The answer has been around for many years but only recently available in an easily applicable form. Robert Pardo (2008)1 argues, and I tend to agree, that two events have occurred in markets in the past 20 years that can help the outsider. One is the expansion of markets to include financial derivatives. Financial derivatives, those financial instruments that derive their value from another security, provide hedging and speculation in large, liquid markets that only recently have become available to the average investor. Second, Pardo argues, is the availability of cheap, fast computing power. None of the data testing done in this book would have been available to you or me 20 years ago. The ability to rapidly calculate large amounts of data has made it possible to test theories of investment that had long been simply passed down from trader to trader, investor to investor. I add a third event to the list: the ability to execute a buy or sell order inexpensively, efficiently, and rapidly. Electronic exchanges have changed the entire investment field: The old, stodgy investment manager calling his broker to execute an order is an event of the distant past.

These character changes in the markets and speedier ancillary facilities have made it possible to develop investment systems that can be proven statistically and operated almost mechanically. These systems are called algorithmic systems because they are nondiscretionary and operate solely on an algorithm or series of algorithms invented for the specific purpose of profiting in the marketplace. By using proven mechanical strategies that don’t require the expertise and knowledge of successful discretionary investors, algorithms circumvent the intrinsic human inability to profit in the markets.

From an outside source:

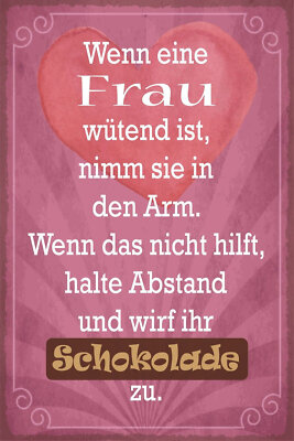 Nostalgie schild frau wut umarmen schokolade 12x18 / 20x30 / 30x40 blech od.holz

However, algorithmic trading requires strict sets of well-defined rules. Even when a system is tested and perfected, the investor can still become discouraged, bored, unhappy with the immediate results, or bothered by drawdowns to such a point that he will abandon the successful system and thus lose whatever advantage he had derived from it. This is human nature, a nature not compatible with trading markets. Therefore, even though an algorithmic system can be developed, optimized, and tested in multiple ways, the user still has the impulse to abandon it. So, to be successful in algorithmic systems, not only must the investor or trader spend time and mental power to develop and test the system, but he must also have the willpower, discipline, and patience not to waver from it.

This book demonstrates and explains algorithmic systems for both investment and for trading. It uses specific rules to enter and exit individual stocks. These rules are derived from statistical methods of optimization that give a better-than-even chance of success, a definite edge, in the marketplace. No system is perfect or without losses, of course, but these limitations are understood and have been taken into consideration and study. The final algorithms in this book are as accurate and profitable as possible under present methods of backtesting. Ask yourself if your personal method has produced the same performance results as these systems. If it has, then you are in the same exalted league as the masters I mentioned previously, and you can throw this book away.